**EXTRACTED RECORDS**
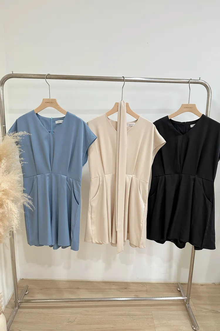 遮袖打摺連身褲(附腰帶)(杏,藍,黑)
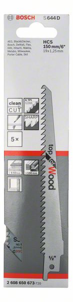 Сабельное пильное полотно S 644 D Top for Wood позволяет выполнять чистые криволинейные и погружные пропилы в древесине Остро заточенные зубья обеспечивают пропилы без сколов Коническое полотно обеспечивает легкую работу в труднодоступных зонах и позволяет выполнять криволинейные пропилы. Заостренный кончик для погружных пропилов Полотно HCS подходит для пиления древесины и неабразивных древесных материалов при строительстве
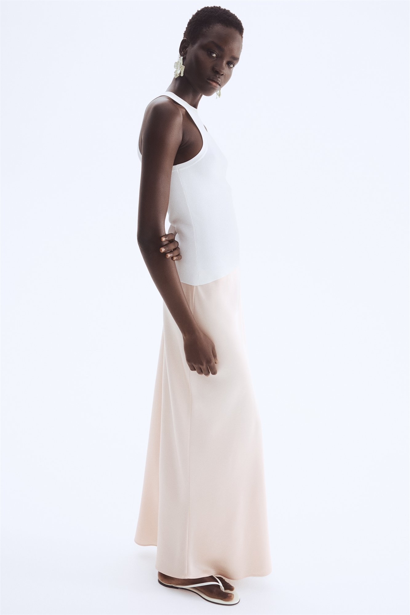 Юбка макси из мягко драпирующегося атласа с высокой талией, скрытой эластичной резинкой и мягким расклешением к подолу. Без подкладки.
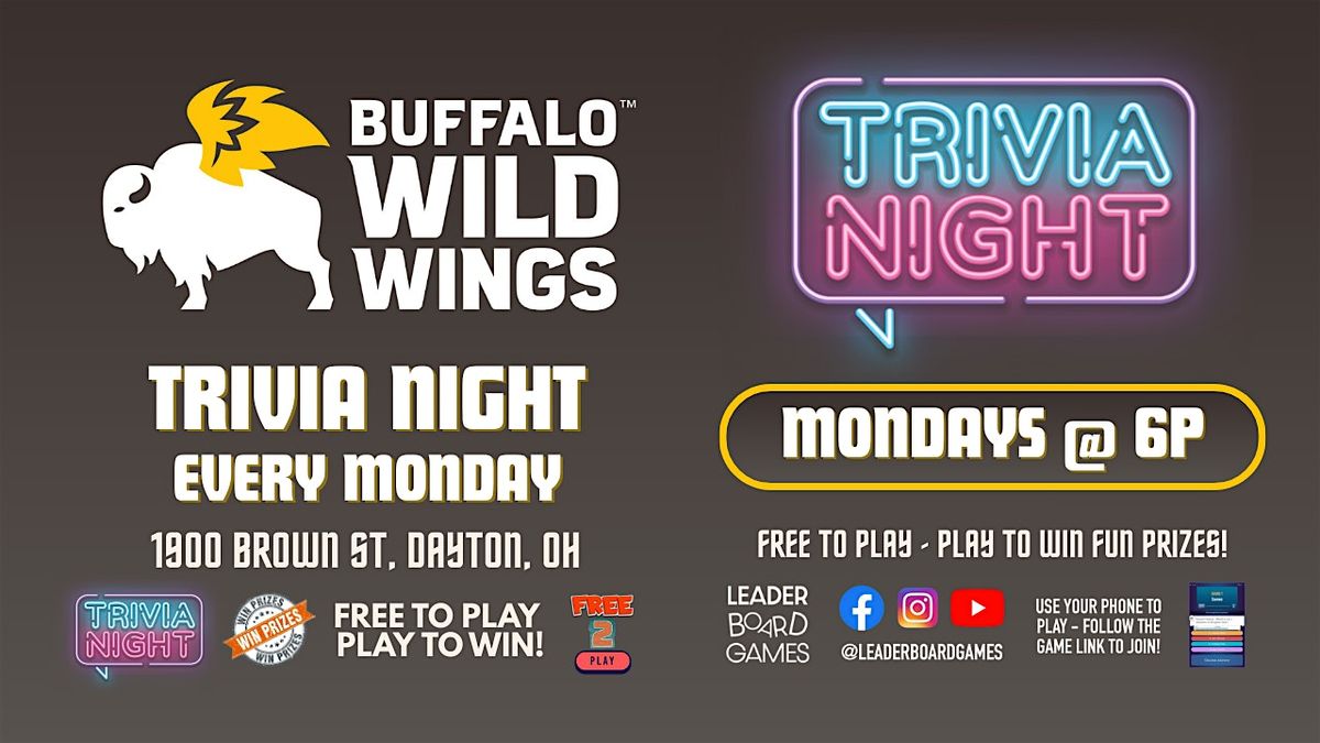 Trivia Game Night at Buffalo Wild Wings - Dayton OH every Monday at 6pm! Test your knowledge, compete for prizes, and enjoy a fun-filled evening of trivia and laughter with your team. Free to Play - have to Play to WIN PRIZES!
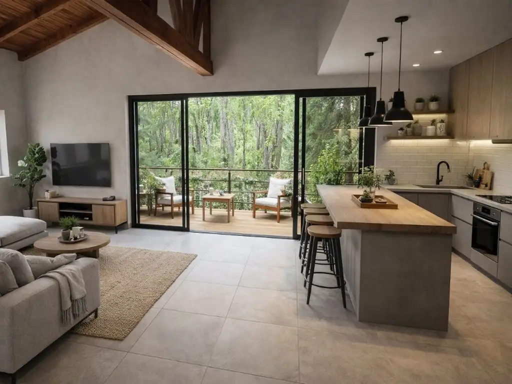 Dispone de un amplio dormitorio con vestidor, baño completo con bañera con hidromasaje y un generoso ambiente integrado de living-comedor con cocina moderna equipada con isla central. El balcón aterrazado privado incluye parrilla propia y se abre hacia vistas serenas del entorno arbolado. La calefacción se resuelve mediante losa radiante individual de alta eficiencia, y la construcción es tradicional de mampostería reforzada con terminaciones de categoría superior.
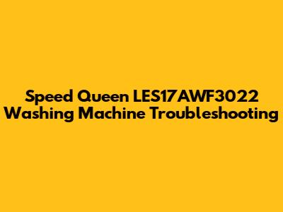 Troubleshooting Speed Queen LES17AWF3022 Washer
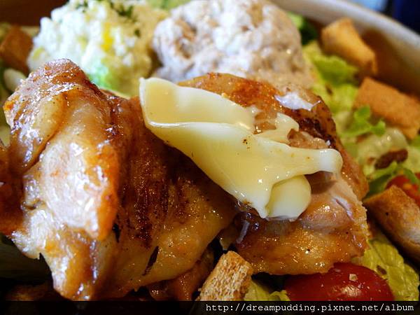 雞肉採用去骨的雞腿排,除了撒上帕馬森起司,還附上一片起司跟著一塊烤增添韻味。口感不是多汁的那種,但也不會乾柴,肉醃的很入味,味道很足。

--

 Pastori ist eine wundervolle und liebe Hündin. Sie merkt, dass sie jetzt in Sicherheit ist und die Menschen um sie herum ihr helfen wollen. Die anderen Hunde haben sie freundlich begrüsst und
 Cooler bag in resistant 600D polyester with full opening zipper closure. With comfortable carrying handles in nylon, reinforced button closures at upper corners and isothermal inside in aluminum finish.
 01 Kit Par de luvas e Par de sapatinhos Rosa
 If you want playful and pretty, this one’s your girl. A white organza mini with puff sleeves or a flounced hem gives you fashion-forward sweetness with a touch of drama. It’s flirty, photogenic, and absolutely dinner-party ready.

==

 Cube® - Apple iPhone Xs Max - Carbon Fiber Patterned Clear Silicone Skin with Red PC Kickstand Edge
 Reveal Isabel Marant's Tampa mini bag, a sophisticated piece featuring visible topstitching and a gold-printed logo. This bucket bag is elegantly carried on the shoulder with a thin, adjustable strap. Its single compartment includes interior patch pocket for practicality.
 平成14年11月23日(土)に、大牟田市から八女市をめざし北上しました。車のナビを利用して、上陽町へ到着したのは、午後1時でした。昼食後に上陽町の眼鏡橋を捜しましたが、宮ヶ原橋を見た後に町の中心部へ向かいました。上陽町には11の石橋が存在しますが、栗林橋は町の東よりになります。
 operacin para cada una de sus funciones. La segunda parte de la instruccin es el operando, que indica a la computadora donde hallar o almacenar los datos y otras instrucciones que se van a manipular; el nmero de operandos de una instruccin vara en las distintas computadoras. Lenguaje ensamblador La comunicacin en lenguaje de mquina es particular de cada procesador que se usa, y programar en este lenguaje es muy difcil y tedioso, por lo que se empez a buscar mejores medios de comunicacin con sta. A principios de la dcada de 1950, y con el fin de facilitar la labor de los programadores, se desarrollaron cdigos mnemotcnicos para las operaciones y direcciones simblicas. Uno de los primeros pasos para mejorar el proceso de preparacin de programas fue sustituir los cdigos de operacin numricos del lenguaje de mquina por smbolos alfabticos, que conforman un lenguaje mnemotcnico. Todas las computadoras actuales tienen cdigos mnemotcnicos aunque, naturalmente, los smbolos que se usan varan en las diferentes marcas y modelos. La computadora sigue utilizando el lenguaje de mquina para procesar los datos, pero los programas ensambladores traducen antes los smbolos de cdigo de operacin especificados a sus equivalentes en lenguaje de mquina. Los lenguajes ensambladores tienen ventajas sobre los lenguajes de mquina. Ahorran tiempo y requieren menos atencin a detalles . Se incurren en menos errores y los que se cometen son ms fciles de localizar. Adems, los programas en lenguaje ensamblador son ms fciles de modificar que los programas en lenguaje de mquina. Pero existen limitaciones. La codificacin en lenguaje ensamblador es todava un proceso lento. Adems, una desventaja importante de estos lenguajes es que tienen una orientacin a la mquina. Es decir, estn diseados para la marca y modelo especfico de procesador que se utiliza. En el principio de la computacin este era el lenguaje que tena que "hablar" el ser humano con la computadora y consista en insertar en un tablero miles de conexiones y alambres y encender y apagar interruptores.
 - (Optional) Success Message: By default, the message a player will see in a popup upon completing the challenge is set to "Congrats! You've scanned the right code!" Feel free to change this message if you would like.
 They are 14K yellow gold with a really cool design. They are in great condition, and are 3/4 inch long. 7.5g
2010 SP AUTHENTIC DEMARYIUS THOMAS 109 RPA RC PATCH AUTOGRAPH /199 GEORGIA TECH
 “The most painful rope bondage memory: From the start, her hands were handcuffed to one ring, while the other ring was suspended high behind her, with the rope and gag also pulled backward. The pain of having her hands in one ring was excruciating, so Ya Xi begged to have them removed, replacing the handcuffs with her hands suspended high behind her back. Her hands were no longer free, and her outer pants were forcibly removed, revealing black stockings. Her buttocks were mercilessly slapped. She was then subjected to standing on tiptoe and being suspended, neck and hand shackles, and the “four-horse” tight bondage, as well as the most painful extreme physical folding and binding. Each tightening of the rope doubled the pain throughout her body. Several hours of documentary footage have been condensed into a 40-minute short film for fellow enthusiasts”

**WHAT THE TASK REQUIRES**
Everything from the line with "They are 14K" through the line with "2010 SP AUTHENTIC" should be written out exactly as it appears above, end lines included, and nothing outside that range.

**SOLUTION TO THE PROBLEM**
 They are 14K yellow gold with a really cool design. They are in great condition, and are 3/4 inch long. 7.5g
2010 SP AUTHENTIC DEMARYIUS THOMAS 109 RPA RC PATCH AUTOGRAPH /199 GEORGIA TECH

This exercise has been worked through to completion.